Brian Krebs, writing in his Security Fix column for the Washington Post, had this to say this morning:
Unknown hackers broke into George Mason University’s e-mail system and sent students a forged message from the school’s provost early this morning stating that Election Day had been moved to Nov. 5.
The messaged, dated 1:16 a.m., Nov. 4, with the subject line : Election Day Update, read:
To the Mason Community:
Please note that election day has been moved to November 5th. We apologize for any inconvenience this may cause you.
Peter N. Stearns
Provost
Seven hours later, students, faculty and staff received another message, this time from the real GMU provost, who blamed the e-mail hoax on a compromise of the school’s e-mail system.
How the story became that Mason’s email server was hacked when the trail of the message headers showed clearly that it came in through the mail slot like any other message is not what you’d expect to read in a security column.
Here are excerpts from the header:
From: noreply@gmu.edu
Subject: Election Day Update
Date: November 4, 2008 1:16:42 AM EST
To: ANNOUNCE04-L@mail04.gmu.edu
Reply-To: noreply@gmu.edu
Return-Path:
...
Received: from ironport2.gmu.edu (ironport2.gmu.edu [129.174.0.125]) by mail04.gmu.edu (8.11.7p3+Sun/8.11.7) with ESMTP id mA46Gg427221 for ; Tue, 04 Nov 2008 01:16:42 -0500 (EST)

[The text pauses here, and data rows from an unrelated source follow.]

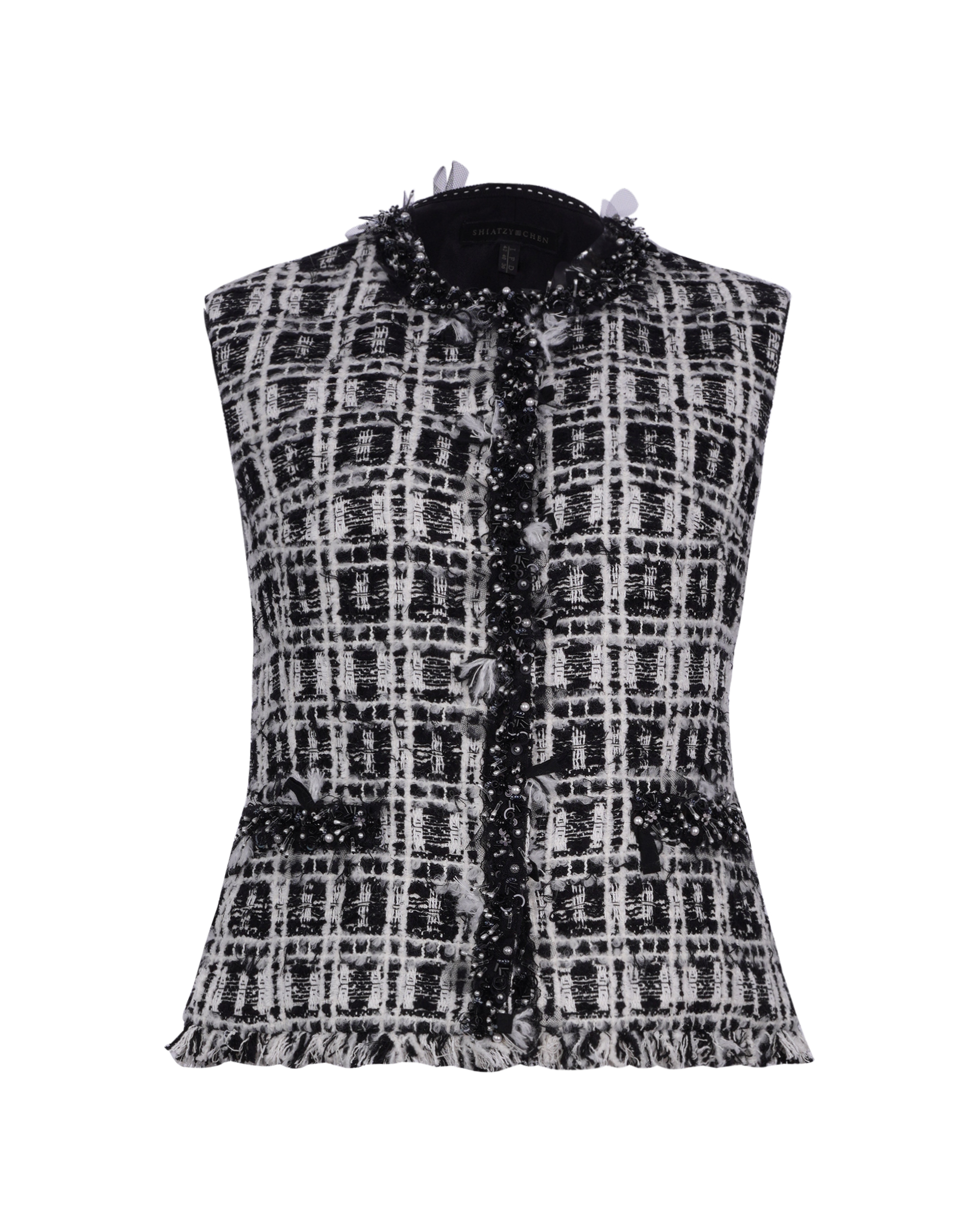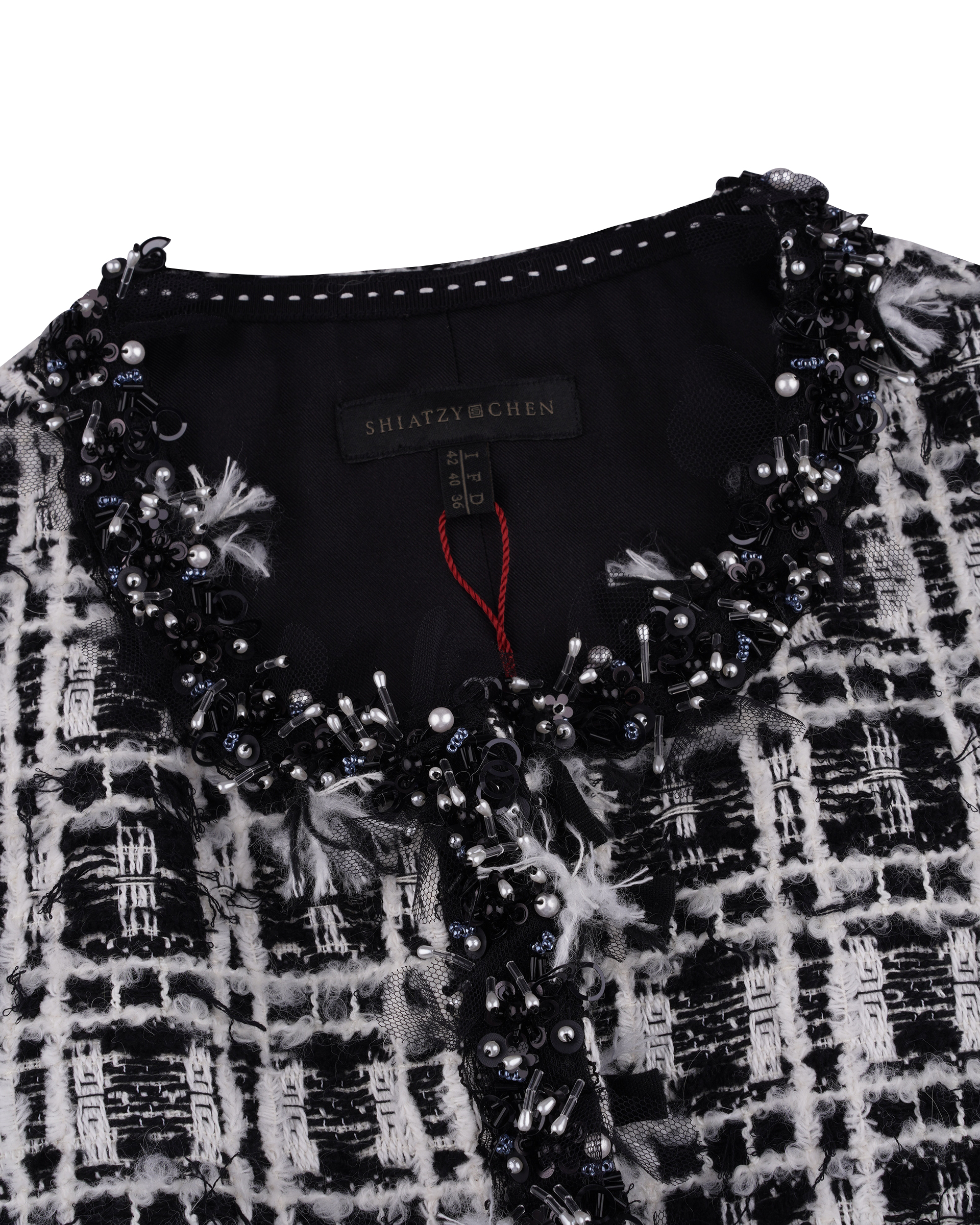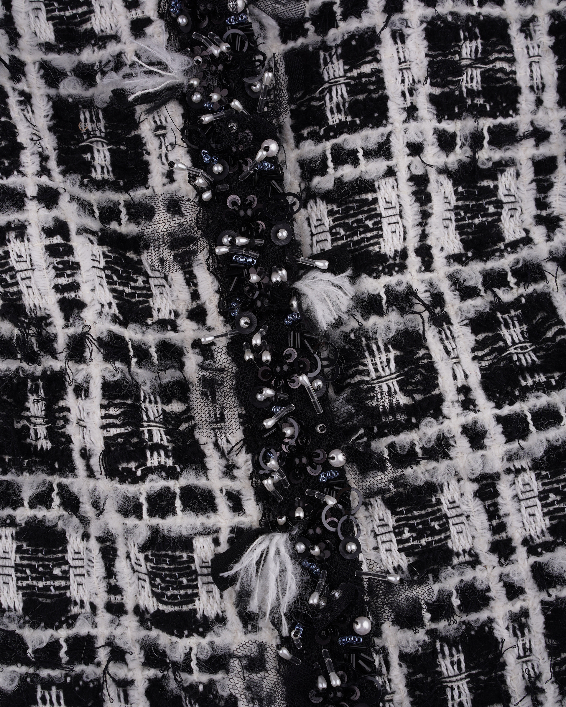 This piece is crafted from a black-and-white interwoven tweed fabric, featuring beaded edging that embodies the romantic and elegant spirit of the modern urban woman.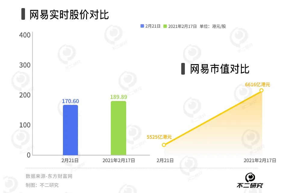 截至2月21日港股收盘,网易报收171.40港元/股,对应市值5525亿港元(约折合人民币5079亿元;对比2021年2月的市值高点6616亿港元,其市值已经蒸发1091亿港元(约折合人民币1027亿元)。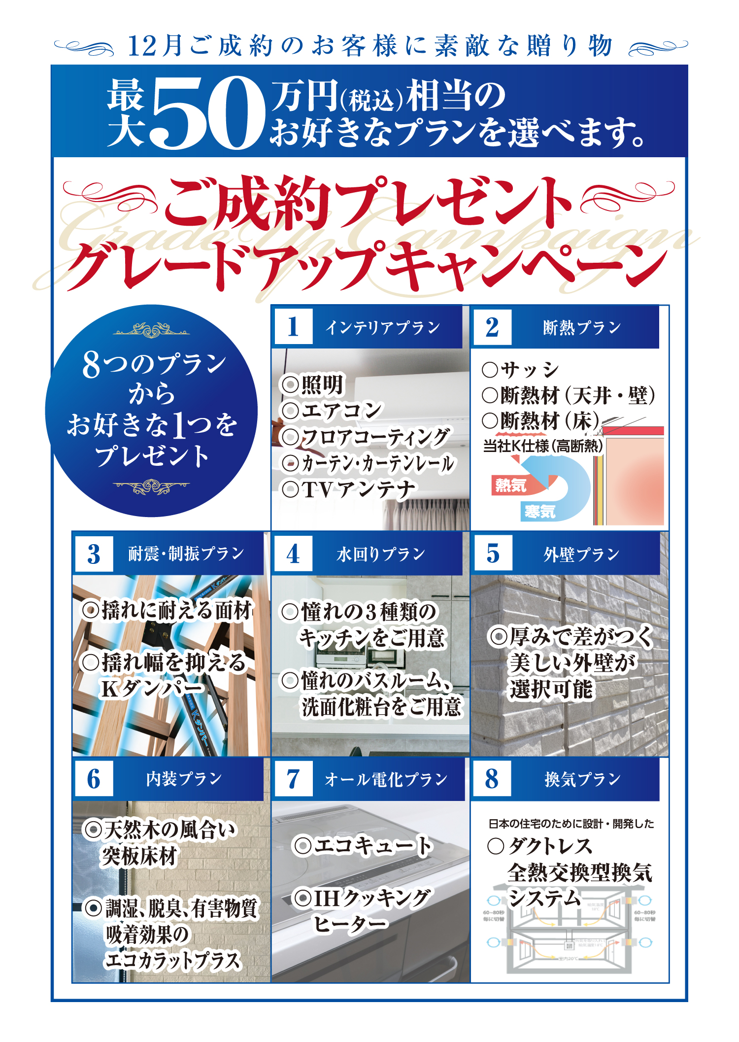 □ 2025年12月1日(月)~31日(水)までにご成約(建築請負契約の締結)して頂いたお客様が対象となります。

Received: from m154.prod.democracyinaction.org ([8.15.20.154]) by ironport2.gmu.edu with ESMTP; Tue, 04 Nov 2008 01:16:42 -0500
Received: from [10.15.20.114] ([10.15.20.114:39637] helo=web4.mcl.wiredforchange.com) by mailer.mcl.wiredforchange.com (envelope-from ) (ecelerity 2.2.2.35 r(26825/26826)) with ESMTP id BC/ED-21096-AC8EF094; Tue, 04 Nov 2008 01:16:42 -0500
Sender: ANNOUNCE04-L
Message-Id: <23911171.1225779402109.JavaMail.root@web4.mcl.wiredforchange.com>
Mime-Version: 1.0
Content-Type: multipart/alternative; boundary="----=_Part_3017_30982749.1225779402108"
Precedence: list
X-Sender-Ip: 129.174.0.116
X-Sender-Ip: 8.15.20.154
X_Dia_Originating_Ip: : 85.195.123.24
X_Dia_Source: : Host:web4.mcl.wiredforchange.com DB org
Oh, and if you do an nslookup on 85.195.123.24 you get:
Non-authoritative answer:
24.123.195.85.in-addr.arpa name = mail24.anonymouse.org.